As usual, I ended up eating far more Indian food than I should have. That wouldn't have been a big deal had the night been about to end in front of the teevee, but it was really only just beginning. Next destination: the BRAWL Ball at Keegan Ales (also in Uptown). BRAWL is the regional women's arm-wrestling league, and anything they do is a reliably good time to be had, though I've only ever been to their events when the cartilage between my ribs wasn't slowly tearing from the pressure of Indian food.
When we arrived, the place was packed with the usual BRAWL scene -- ladies in various costumes, gentleman standing around gawking, and lots of beer was being drunk. Keegan Ales had even added a seasonal brew to their usual three-product lineup, an extra-hoppy concoction called "Super Kitty," which was being dispensed in smaller-than-normal plastic cups.
Today's event was largely celebratory, with a mixture of raffling events and ad hoc wrestling matches, usually between non-BRAWL women and various BRAWL legends. A BRAWL calendar was auctioned off (won by one of our friends and immediately gifted to Gretchen), as were a pair of small locally-distilled bottles of whiskey which somehow went for $100. A slow dance with Magenta, the elegantly-dressed wife of the referee, went for $30, at which point the DJ cued up Madonna's "Crazy for You" and then everyone slow danced: the winner with Magenta, Gretchen with me, etc., etc. The great thing about BRAWL events is that you never really know what's going to happen next, and even the corniest things seem really legitmately wonderful.
Meanwhile, our various vegan friends from Woodstock seemed to be surprised by how much fun they were having. Usually the only events they go to are in Woodstock, and it's easy for them to think of non-Woodstock places as being a barren cultural wasteland (at least as far down to Manhattan's Upper West Side).
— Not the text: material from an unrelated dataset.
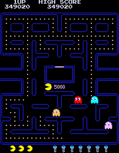 To score big in Pac-Man you have to become a key master. I have played to the twelve key or the twenty-fourth level, but my high score of 237,400 points was on the eleventh key or twenty-third level of that game. That was on a little $20 10 cm x 10 cm portable model that moves way too easily on any surface – worn out now. I await some time on a full-fledged sit down game with the good joy stick to blast passed the quarter million point mark.

To be surrounded by so many great people and having such fun in Uptown Kingston made them realize that there is a lot more to Upstate living than the tired old Woodstock artsy-lefty party circuit, where the same 60 year old single guys with bad 70s haircuts keep turning up like so many bad pennies.
As much fun as we were having, at a certain point Gretchen wanted to go over to a nearby Broadway bar called "the Basement" (the only other time we went there, it had another name and had a decidedly hipster scene). Gretchen's guitar teacher, yet another guy named Chris, would be playing in a newly-formed band called the Homemade Rockets, and she wanted to see them play. Chris also happens to be a bartender at the Basement (as well as a roadie for Mercury Rev, some members of which showed up for tonight's performance.)
So there we were at the Basement. The scene was completely different from that of BRAWL. Most of the people there were in their 20s and wearing various dark-hued hipster rock and roll fashions. Some sort of emo-type band was playing, and it felt good to be at a live show of that sort of music (I don't see much live rock and roll these days).
Next the Homemade Rockets took the stage. Their singer was an incredibly tall guy with what looked like a tattoo of a scar made by a Grizzly Bear across his eye. The music was competent and danceable, though the band wasn't especially tight and the mix was a little off. Still, the front man, though his voice was a little off-putting, had plenty of that essential rock charisma. Me, the oldest person in the audience, was the only one dancing except for the girl to my right, who might have been the lead singer's girlfriend. This was one of those hipster crowds that was too cool for dancing. Hey, cool kids, you're in the Rust Belt, not the East Village, try to have a little fun while you still can!

After the Bottle Rockets, we returned to Keegan Ales briefly. There were still plenty of people there, and most of them were dancing and allowing themselves to have more fun than the hipster rock and rollers at the Basement.